● **Aim of the exercise**: Below are records to transcribe exactly, without their pictures.
*** Dataset records ***
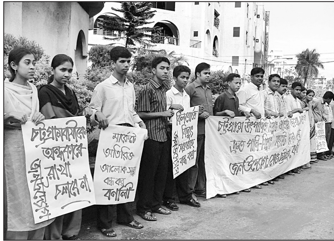
Jano Udjog, a local civic body, formed a human chain in Cheragi Pahar in Chittagong city yesterday protesting frequent loadshedding.

Later, Moulvibazar-Kulaura-Chandgram Bus Owners' Association called a bus strike on the route for an indefinite period.
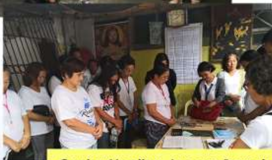
Center Meeting, Lucena Branch, Quezon
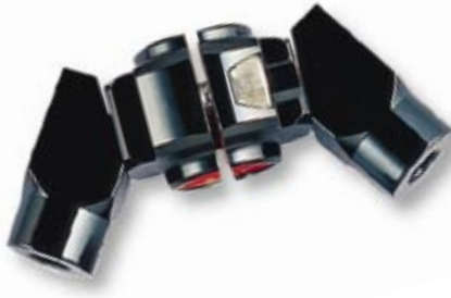
26014 Black Sheep E/E V-Bar To be clamped around stabilizer. Will fit Black Sheep stabilizers.
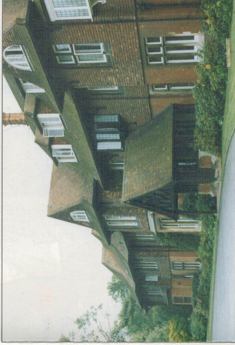
Marymount International School, George Road.
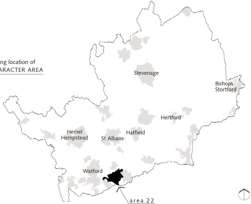
County map showing location of LANDSCAPE CHARACTER AREA
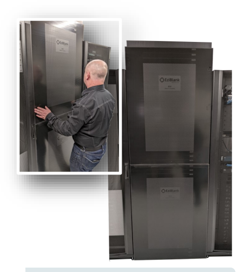
6. Your energy saving Modular Wall structure is ready for deployment
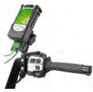
RAM-B-174-CO2P RAM BRAKE/CLUTCH RESERVOIR POWERED DOCK FOR HP IPAQ 3000 & 5000 SERIES
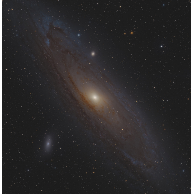
Fig. 3. M31.

The Burbidges continued to make this assumption with other galaxies, though their data on some galaxies indicated that light and mass are not correlated, suggesting that the bulk of the masses of galaxies are outside of their cores. Furthermore, there already was evidence that the distributions of light and mass in galaxies are not correlated. That was the result of Babcock's original work on the Andromeda Galaxy, M31 (fig. 3), in 1939. Three years later, Wyse and Mayall (1942) repeated and expanded upon Babcock's research on M31, and they similarly studied the Triangulum Galaxy, M33 (fig. 4). They concluded that there is no mass concentration at
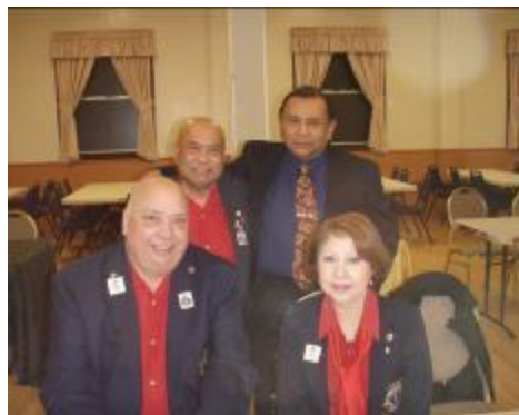
Above: Visitations with SF Park Gate & SF Circle Lions
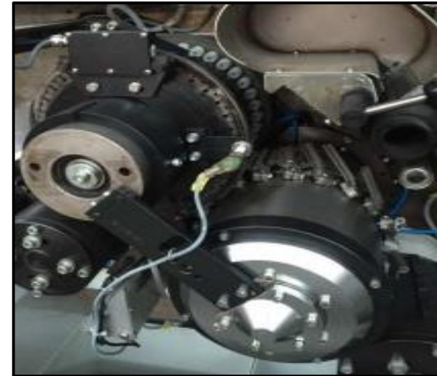
New Type Turning Drum
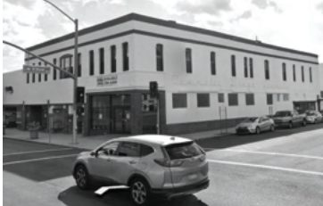
137-141 N. Euclid
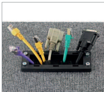
... as well as for energy and building technology
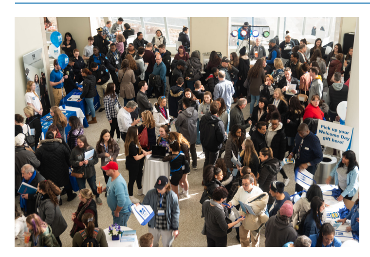
More than 1,650 admitted students and their guests came out for Welcome Day on February 23.
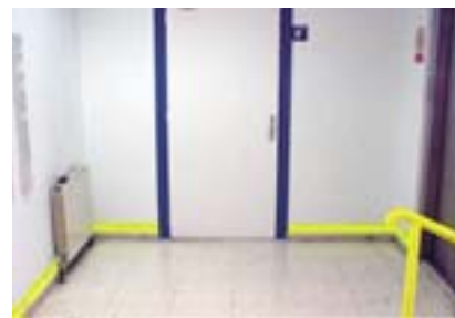
Colour contrast helps mobility

European Agency for Safety and Health at Work Gran Vía, 33, E-48009 Bilbao Tel. (34) 944 79 43 60, fax (34) 944 79 43 83 E-mail: information@osha.eu.int
*** End of Dataset records ***
● **Written solution**:
Jano Udjog, a local civic body, formed a human chain in Cheragi Pahar in Chittagong city yesterday protesting frequent loadshedding.

Later, Moulvibazar-Kulaura-Chandgram Bus Owners' Association called a bus strike on the route for an indefinite period.
Center Meeting, Lucena Branch, Quezon
26014 Black Sheep E/E V-Bar To be clamped around stabilizer. Will fit Black Sheep stabilizers.
Marymount International School, George Road.
County map showing location of LANDSCAPE CHARACTER AREA
6. Your energy saving Modular Wall structure is ready for deployment
RAM-B-174-CO2P RAM BRAKE/CLUTCH RESERVOIR POWERED DOCK FOR HP IPAQ 3000 & 5000 SERIES
Fig. 3. M31.

The Burbidges continued to make this assumption with other galaxies, though their data on some galaxies indicated that light and mass are not correlated, suggesting that the bulk of the masses of galaxies are outside of their cores. Furthermore, there already was evidence that the distributions of light and mass in galaxies are not correlated. That was the result of Babcock's original work on the Andromeda Galaxy, M31 (fig. 3), in 1939. Three years later, Wyse and Mayall (1942) repeated and expanded upon Babcock's research on M31, and they similarly studied the Triangulum Galaxy, M33 (fig. 4). They concluded that there is no mass concentration at
Above: Visitations with SF Park Gate & SF Circle Lions
New Type Turning Drum
137-141 N. Euclid
... as well as for energy and building technology
More than 1,650 admitted students and their guests came out for Welcome Day on February 23.
Colour contrast helps mobility

European Agency for Safety and Health at Work Gran Vía, 33, E-48009 Bilbao Tel. (34) 944 79 43 60, fax (34) 944 79 43 83 E-mail: information@osha.eu.int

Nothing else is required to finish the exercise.